Saturday, November 6, 2010

Anti-depressants anyone?


I have struggled with depression pretty much my entire life. It's a frustrating phenomenon that has, at times, controlled my life. I have felt helpless as it descended upon me with no warning and no clear departure date, to bring me down and squash my spirit without my permission. Over the years, I have worked hard to learn good coping techniques to minimize depressions affects and damage on my life. Really, struggling with depression has been the catalyst for lots of great personal growth and wonderful learning opportunities. At the same time, I have felt so frustrated that no matter how hard I tried, I still fell prey to it's power over me. Recently and joyfully, I have noticed that depression has not been a very large part of my life at all these past 3-4 months.

Everyone has heard or read that exercise and healthy eating are wonderful tools to combat depression.

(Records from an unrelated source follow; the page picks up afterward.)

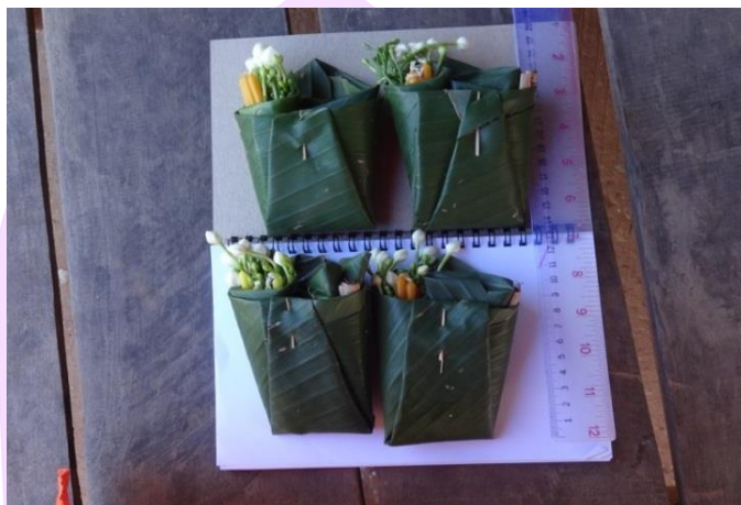
ภาพ 16 แสดงไชยหมากแจก หรือบั้งแจก สำหรับใส่ในถาดภัตตาหาร

ส่วนบุญส่วนกุศลให้แก่ท่านเหล่านี้ เหมือนกับการแจกจ่ายสิ่งของ จึงเรียกว่า “แจก” ซึ่งในไชย หมากแจกทั้งสิ้นแต่ละกรวยประกอบไปด้วยเทียนเล่มเล็ก 5 เล่ม ดอกไม้สีขาว 5 ดอก ยาสูบ (บุหรี) 1 มวน เมียง 1 คำห่อหมากและยาเส้น 1 ห่อ ซึ่งห่อด้วยใบตองลักษณะคล้ายกับการห่อ เมียงคำ (คำ วังคีรี, ผู้ให้สัมภาษณ์, 4 มิถุนายน 2560)
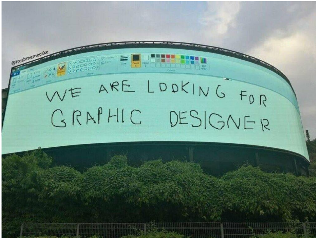
Slika 9 Prikaz primjera oglasa za zapošljavanje na temelju neuromarketinga
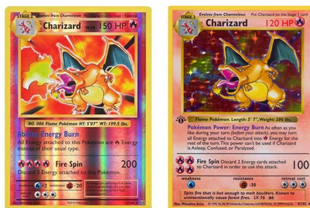
Obrázek 9 - příklad Reverse Holo a Normal Holo karty
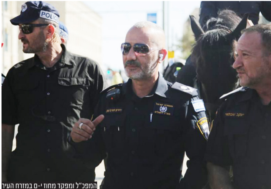
המפכ"ל ומפקד מחוז י-ם במזרח העיר

במרכז ההתרעות לפיגועים: ירושלים ואיו"ש. במשטרה שמים דגש על קו התפר ומנסים למנוע כניסה של שוהים בלתי-חוקיים לצד סריקות ברחבי הערים השונות לאיתורם. כחלק מההיערכות מנסים לסגור את הפרצות בקו התפר דרכו מדי יום מאות תושבי השטחים חודרים לישראל עם אישורי עבודה וגם בלי אישורים.

Like most people who have heard this, I have only given these anti-depressants a "try" for short periods of time...then feel justified in using the excuse "well, exercise and healthy eating didn't work for MY depression" when I lost my steam and stopped trying. This time, however, has been much different. I committed at the beginning of this journey to NEVER GIVE UP until I reached my goal! I gave myself permission to trust myself to actually follow-through....and I've followed through knowing I could not let myself down.

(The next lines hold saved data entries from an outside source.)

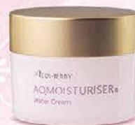
AQMOISTURISER® Water Cream アクモイスタライザー 保湿水分クリーム
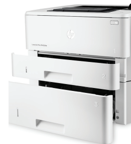
HP LaserJet Pro M402dn med fack för 550 ark som tillval
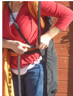
Über die Schultern bringen und schließen
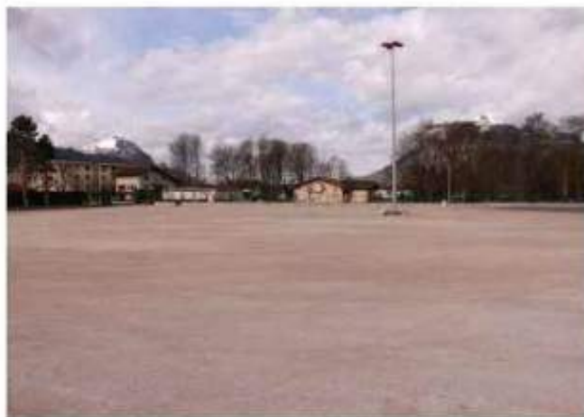
Le parvis des Esserts à Cluses sera aménagé pour accueillir cette compétition.
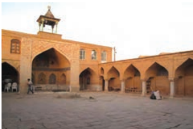
تصویر ۱۱-۱۰- مسجد جامع چالستر

در آثار نویسندگان، سیاحان و جهان‌گردانی چون ناصر خسرو، اصطخری و ابن بطوطه، از مناطق مختلف استان نظیر لردگان با عنوان «لوردغان» و فرخ شهر به صورت «کریوه الرخ» شرحی به میان آمده است. در هر حال مطالعات و بررسی‌ها نشان می‌دهد که از آغاز دوران اسلامی تا قرن سوم هجری این منطقه جزء ایالت جبال محسوب می‌شده است. در سال ۲۳ هجری با فتح نواحی شوشتر و ایزه توسط مسلمانان، کوچ نشینان آن نواحی با اسلام آشنا و به مرور سایر نواحی بختیاری و چهارمحال نیز اسلام را پذیرفتند. از اواخر قرن دوم هجری حکام محلی چهارمحال و بختیاری تابع خلفای عباسی شدند و از قرن سوم هجری به بعد است که عنوان «بلاد اللور» به استان‌های کنونی لرستان، ایلام، چهارمحال و بختیاری، کهگیلویه و بویر احمد و بخش‌هایی از استان‌های فارس و خوزستان اطلاق شد.
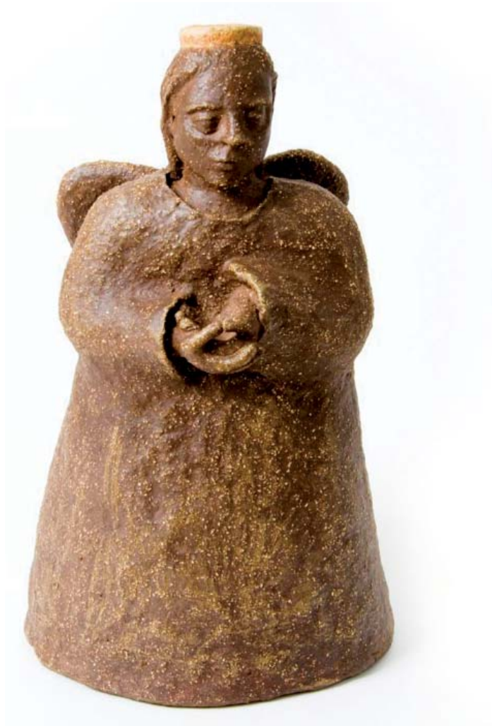
2008 (vytvořeno během sochařského sympozia v MRK 2008) v: 62 cm, ø 32 cm
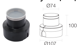
WC4020 Монтажный короб
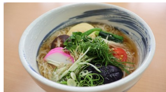
冷やしそうめん 700円

I was so happy to come to the realization that my healthy lifestyle has kept my depression at bay! I have always been wary of pharmaceutical anti-depressants and so have never taken any, while wondering in the back of my head if I was making the wrong choice and furthering my suffering. Now, however, I know that I have the power to create my own anti-depressant lifestyle by exercising religiously (i.e. regularly) and heating healthfully with minimal junk.

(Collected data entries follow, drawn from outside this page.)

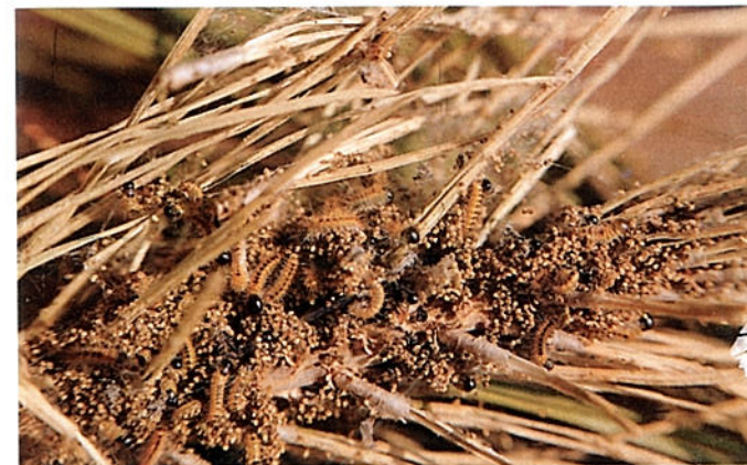
Orugues de primera edat
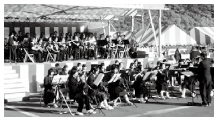
松二中(ステージ上)、山下中・坂元中による合同演奏
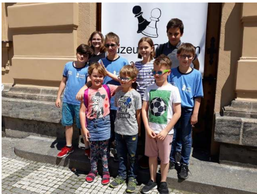
479 Náměšť v Chrudimi

Turnaj, který začal před lety jako oslava Mezinárodního dne dětí, se stal jedním z turnajů s nejdelsí tradicí, a to i v rámci všech sportů. Již 57. ročník „Zaječic“ se hrál o prvním červnovém víkendu v Chrudimi. Hlavní turnaj – MČR 6členných družstev starších žáků do 15 let hrálo celkem 72 družstev včetně čtyř z Vysočiny. V doprovodném turnaji dvojic nejmladších žáků do 9 let hrály mezi 63 dvojicemi tři z Vysočiny.
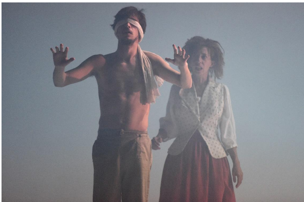
Candide texte Voltaire mise en scène Arnaud Meunier
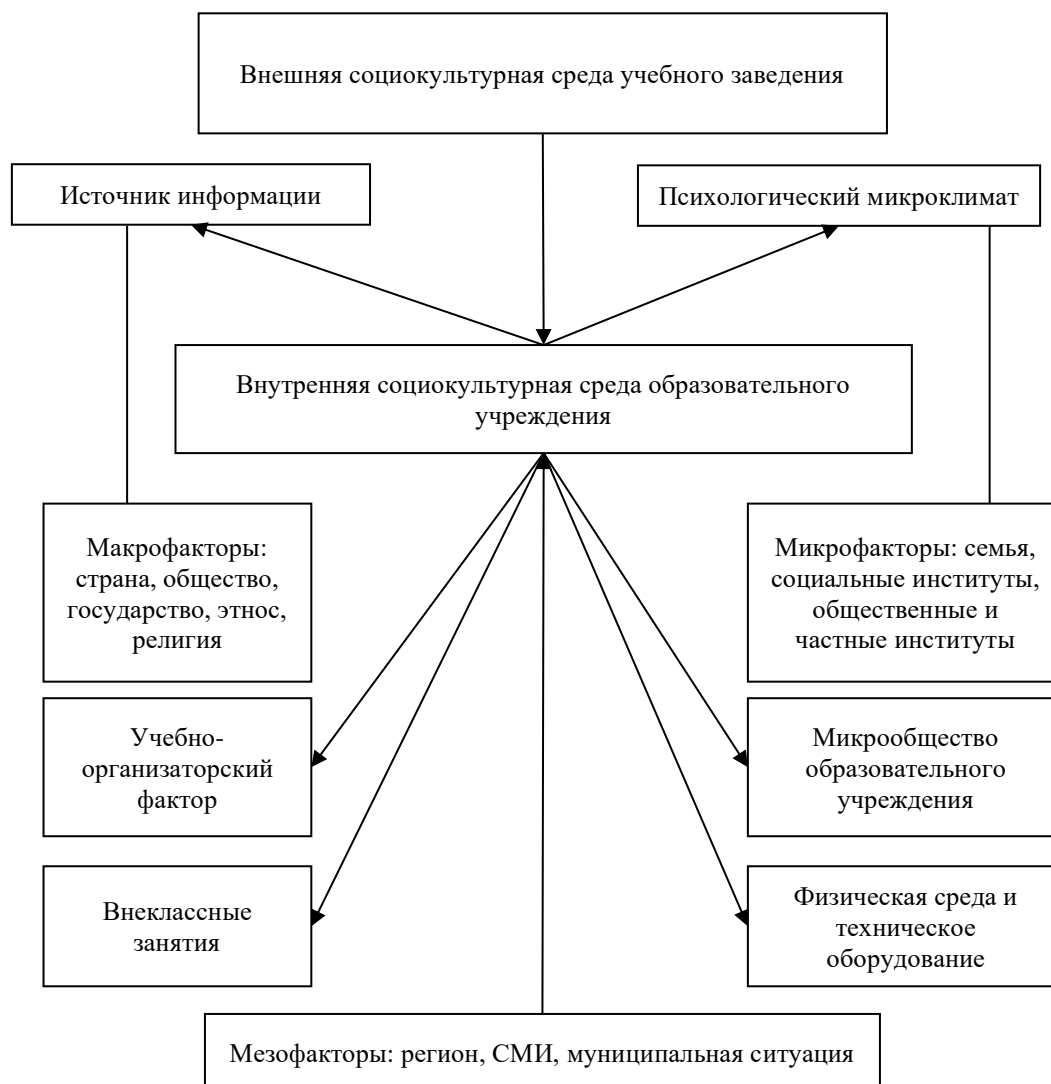
Рисунок 1. Модель социокультурной среды инклюзии современного образовательного учреждения (разработано авторами)

Модель социокультурной среды включения современного образовательного учреждения включает в себя внешние и внутренние факторы, оказывающие непосредственное влияние на ее компоненты, входные и выходные потоки (рис. 1).
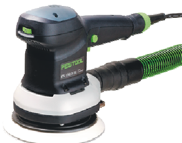
Exzenterschleifer ETS 150/3EQ – Plus
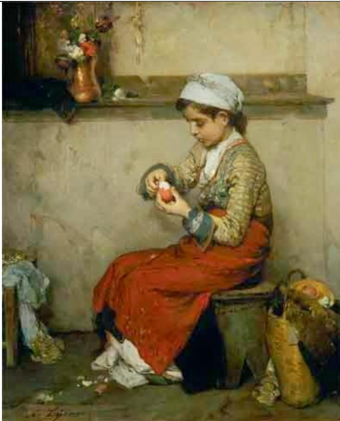
«Το ωόν του Πάσχα», Νικηφόρος Λύτρας
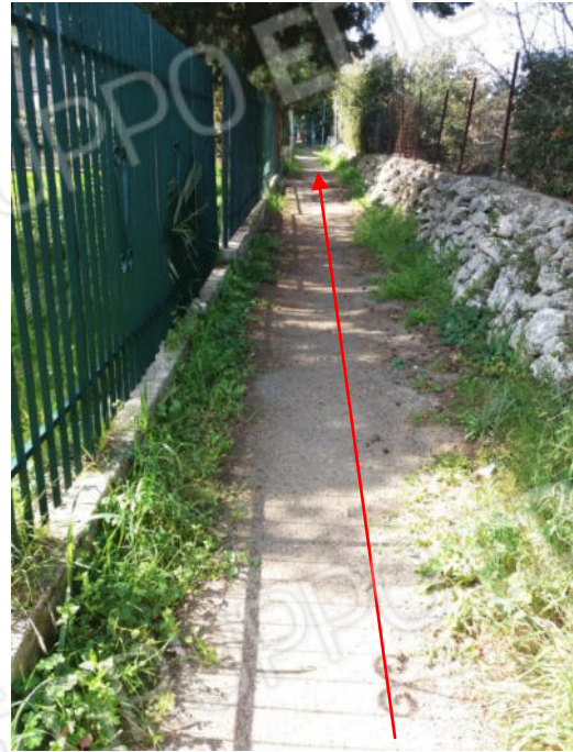
Foto n. 5 - 6 Particolare della stradina di accesso che costeggia l'intero lotto del residence
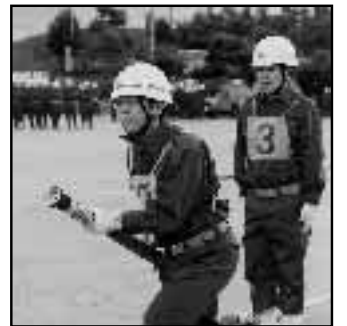
▲「消防団訓練錬成会」で消防団がポンプ車操作の技を披露。第6分団が最優秀賞(11月9日)

I know and accept I will still have "downs" and that, like an alcoholic, I will always have depression looming over me in some way. I also know that I will always have the tools necessary to minimize and quicken any episodes that creep in. That knowledge gives me plenty of another one of the best non-pharmaceutical anti-depressants out there: HOPE.

If you struggle with depression, I challenge you to take control of your happiness by changing your lifestyle to include more daily exercise, lots of fresh healthy foods and minimal junk. Change the way you live, don't just "try"!

A healthy lifestyle truly is the very best anti-depressant there is!!